Each record must be returned exactly, apart from the pictures, which stay out.

* Records for the exercise:
►
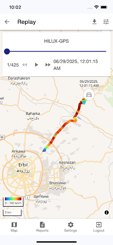 مشاهده تاریخچه سفر، گزارش حرکت، و توقف
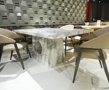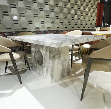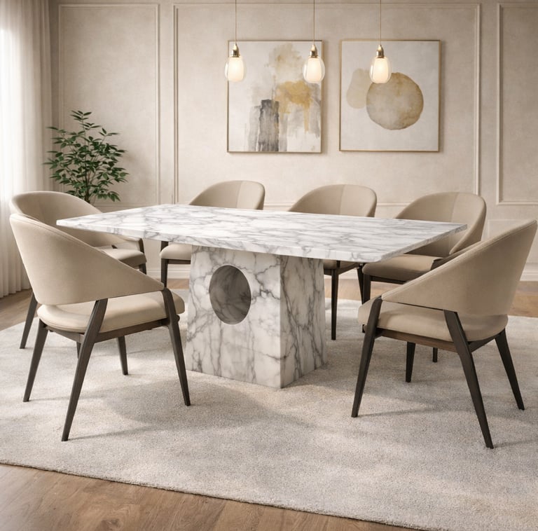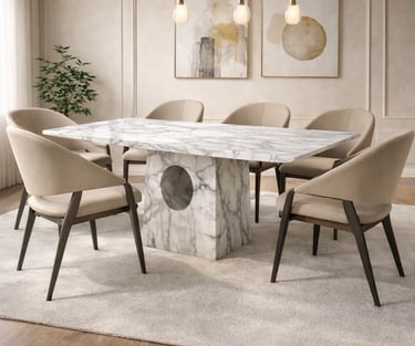 Product description: The 5501-101 / 356 Marble Dining Set (1+6) is designed to bring timeless elegance, premium craftsmanship, and everyday comfort to your dining space. This refined set includes one marble dining table paired with six comfortable dining chairs, making it ideal for family meals, gatherings, and formal entertaining. The natural marble tabletop features a smooth, polished finish that highlights the unique veining of the stone while offering durability and easy maintenance. Supported by a strong, stable base, the table is built for long-lasting performance. The six matching chairs are ergonomically designed with supportive backrests and sturdy construction, ensuring comfort during extended dining. Perfect for modern, contemporary, and luxury interiors, Model 5501-101 / 356 serves as a sophisticated centerpiece that enhances the overall ambience of your dining room.
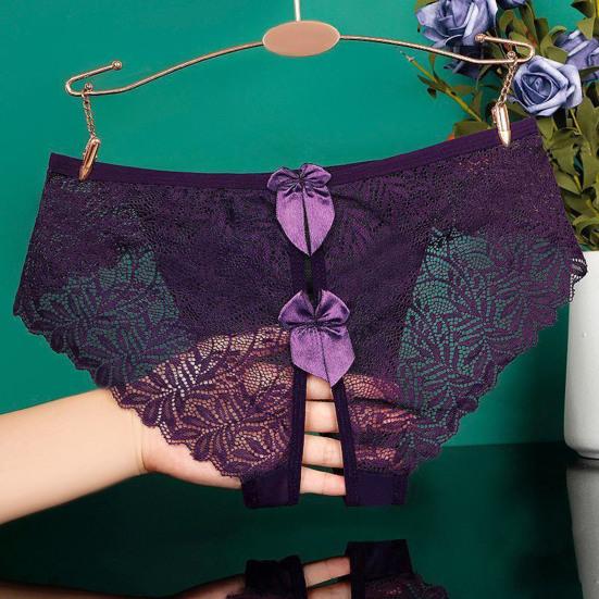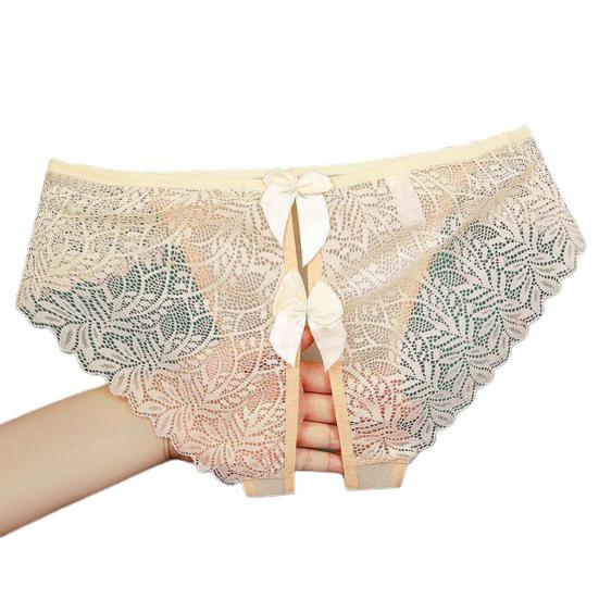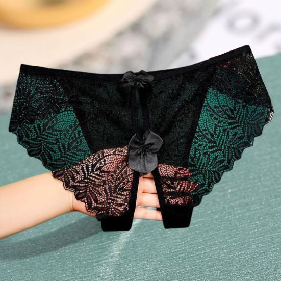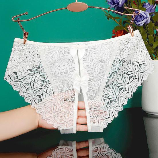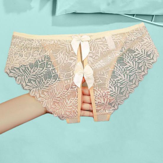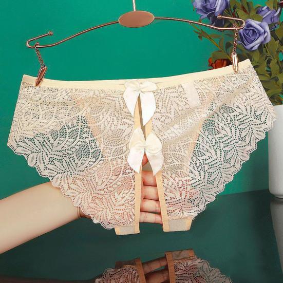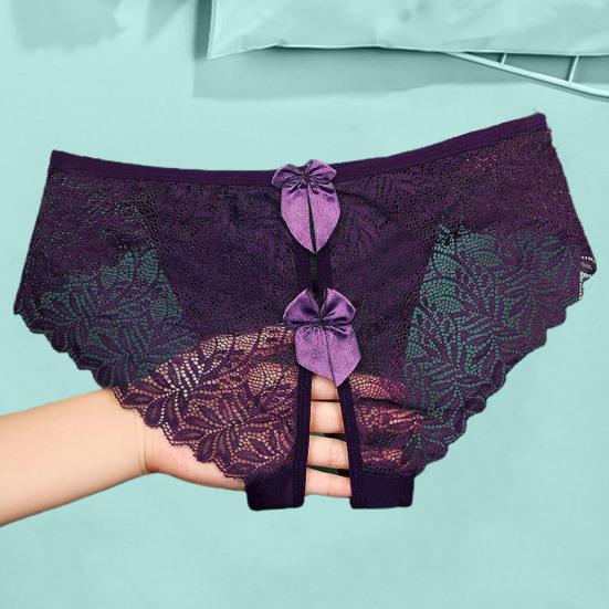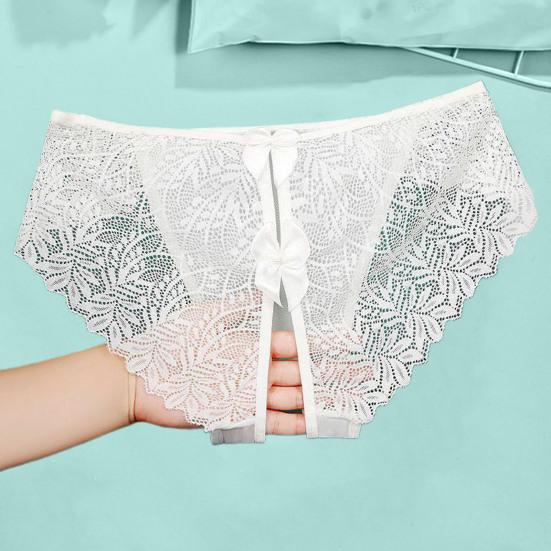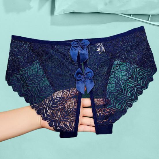 Обладая модным дизайном с замысловатыми кружевными деталями и изысканным украшением в виде банта, эти трусики демонстрируют открытый дизайн, который добавляет нотку смелого соблазнения. Бесшовный кружевной край и тонкая сетчатая марля создают слабо видимый эффект, который усиливает ваше очарование.
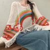 Autumn New Rainbow Striped Hollow Sweater Women's Fashionable Loose Design Tassel Knit Sweater
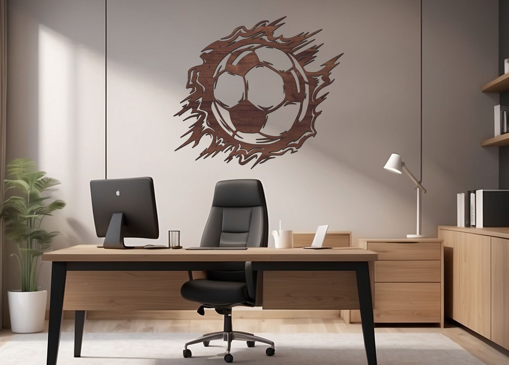 Tento dřevěný obraz energie fotbalu zachycuje sílu, rychlost a vášeň pro hru ⚽. Vyřezaný motiv fotbalového míče symbolizuje pohyb, napětí a radost ze sportu. Zpracován z kvalitního HDF dřeva (3 mm) s precizními detaily, skvěle doplní dětský pokoj, klub nebo sportovní kancelář.Každý kus je vyřezán laserem s vysokou přesností. Dřevo dodává sportovnímu motivu přirozenou eleganci a trvalou hodnotu.
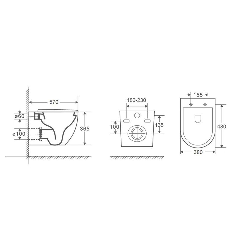 • Прилегание унитаза к стене:
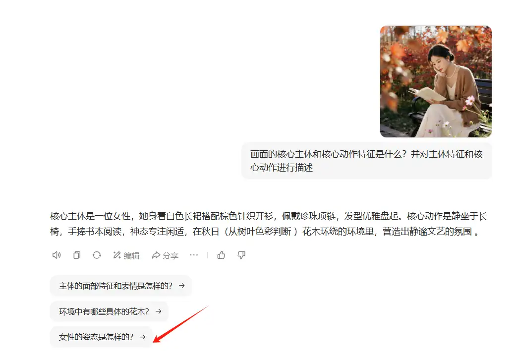 早上整理手机相册时,我偶然翻到一张之前保存的AI画作——秋日午后的公园场景,长椅上一位漂亮女子正专注地翻阅着书籍。恰巧,公众号后台有粉丝朋友提出了类似的问题:“看到喜欢的画想模仿,怎么把画面转成提示词?”这正好给了我一个绝佳的实例,来演示如何通过“核心要素拆解法”进行提示词反推。
◄
* Exercise output:
 مشاهده تاریخچه سفر، گزارش حرکت، و توقف
 Product description: The 5501-101 / 356 Marble Dining Set (1+6) is designed to bring timeless elegance, premium craftsmanship, and everyday comfort to your dining space. This refined set includes one marble dining table paired with six comfortable dining chairs, making it ideal for family meals, gatherings, and formal entertaining. The natural marble tabletop features a smooth, polished finish that highlights the unique veining of the stone while offering durability and easy maintenance. Supported by a strong, stable base, the table is built for long-lasting performance. The six matching chairs are ergonomically designed with supportive backrests and sturdy construction, ensuring comfort during extended dining. Perfect for modern, contemporary, and luxury interiors, Model 5501-101 / 356 serves as a sophisticated centerpiece that enhances the overall ambience of your dining room.
 Обладая модным дизайном с замысловатыми кружевными деталями и изысканным украшением в виде банта, эти трусики демонстрируют открытый дизайн, который добавляет нотку смелого соблазнения. Бесшовный кружевной край и тонкая сетчатая марля создают слабо видимый эффект, который усиливает ваше очарование.
 Autumn New Rainbow Striped Hollow Sweater Women's Fashionable Loose Design Tassel Knit Sweater
 Tento dřevěný obraz energie fotbalu zachycuje sílu, rychlost a vášeň pro hru ⚽. Vyřezaný motiv fotbalového míče symbolizuje pohyb, napětí a radost ze sportu. Zpracován z kvalitního HDF dřeva (3 mm) s precizními detaily, skvěle doplní dětský pokoj, klub nebo sportovní kancelář.Každý kus je vyřezán laserem s vysokou přesností. Dřevo dodává sportovnímu motivu přirozenou eleganci a trvalou hodnotu.
 • Прилегание унитаза к стене:
 早上整理手机相册时,我偶然翻到一张之前保存的AI画作——秋日午后的公园场景,长椅上一位漂亮女子正专注地翻阅着书籍。恰巧,公众号后台有粉丝朋友提出了类似的问题:“看到喜欢的画想模仿,怎么把画面转成提示词?”这正好给了我一个绝佳的实例,来演示如何通过“核心要素拆解法”进行提示词反推。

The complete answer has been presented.